Brain activity was recorded in a magnetically shielded room (Imedco AG, Hägendorf, Switzerland) with a 306 channel whole-scalp neuromagnetometer (Elekta Neuromag, Elekta Oy, Helsinki, Finland). The recording passband was 0.1–330 Hz and the signals were sampled at 1 kHz. The measurements were carried out at the MEG Core of Aalto NeuroImaging at Aalto University. The position of the subject's head inside the MEG helmet was continuously monitored by feeding current to four head-tracking coils located on the scalp. The locations of the coils and 156–292 head-surface (scalp, nose) points were digitized with respect to anatomical fiducials with an electromagnetic tracker (Fastrak, Polhemus, Colchester, VT, USA). MEG and segmented MRI coordinate systems were coregistered using the three anatomical fiducial points for the initial estimation and the head-surface points to manually refine the surface coregistration.

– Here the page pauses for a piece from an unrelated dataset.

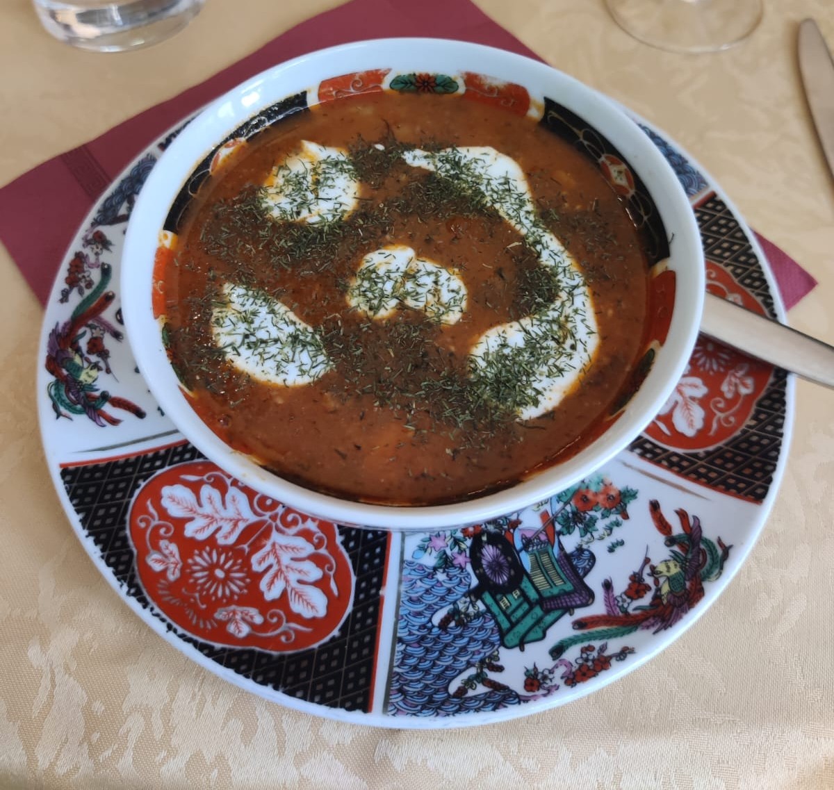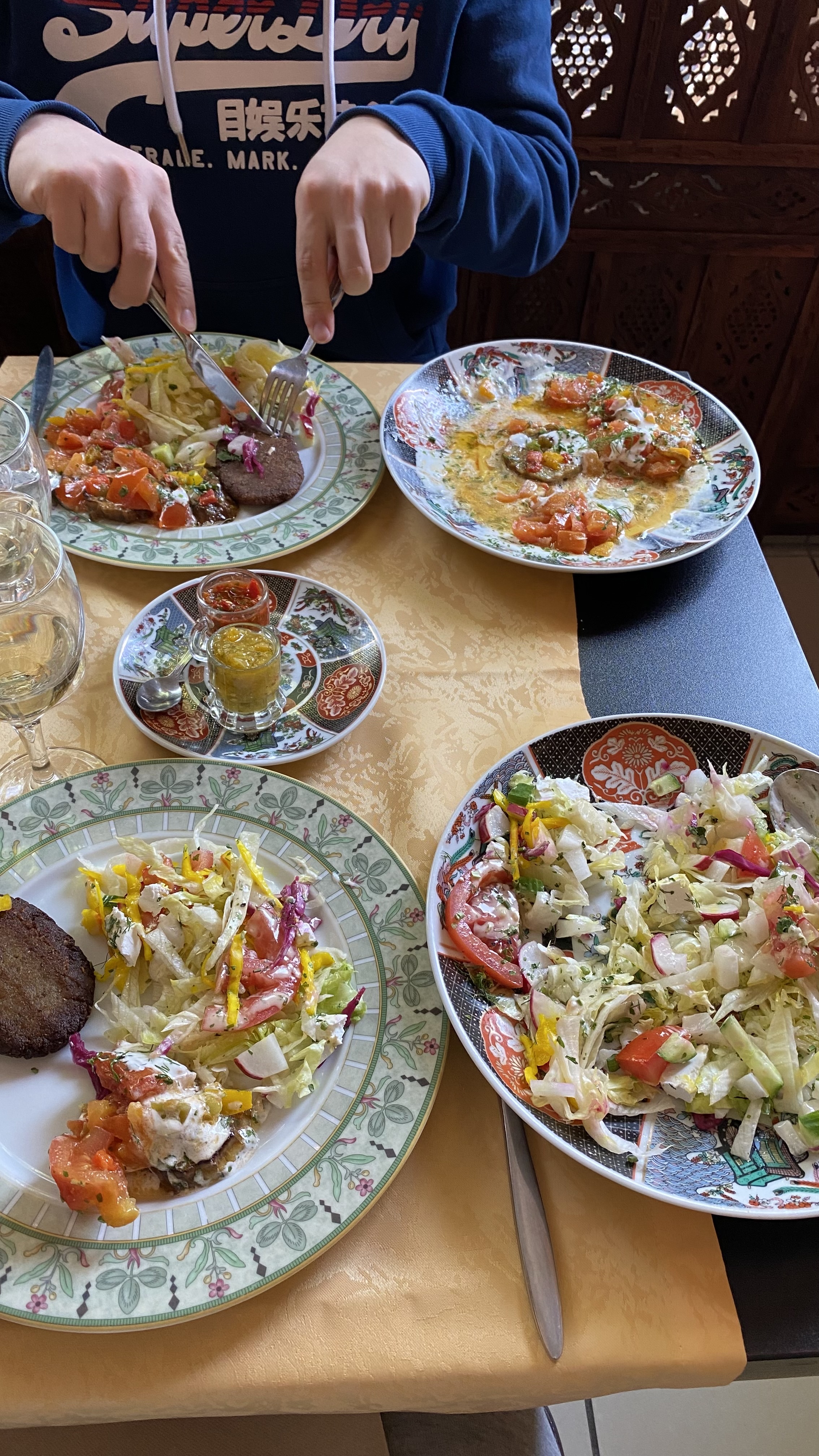 La cuisine est bonne mais pas non plus exceptionnelle. Beaucoup de crudités pour remplir l’assiette. Le kyr mûr n’est pas bon et les tarifs assez élevés pour ce qui est servi. Le thé est très bon.

Surface electromyography (EMG) was recorded between two electrodes (separated by approx. 1 cm) over the right first dorsal interosseous muscle. The recording passband was 0–330 Hz for force transducer output and 0.1–330 Hz for EMG, and both signals were digitized at 1 kHz.

Three-dimensional T1 MRIs of the brain were acquired with whole-body General Electric Signa VR 3.0 T MRI scanner (Signa VH/i, General Electric, Milwaukee, WI, USA) at the AMI Centre of Aalto NeuroImaging, Aalto University.

Data analysis and statistical evaluation

Continuous MEG data were first preprocessed offline using the signal-space separation method to suppress external interferences and to correct for head movements [10].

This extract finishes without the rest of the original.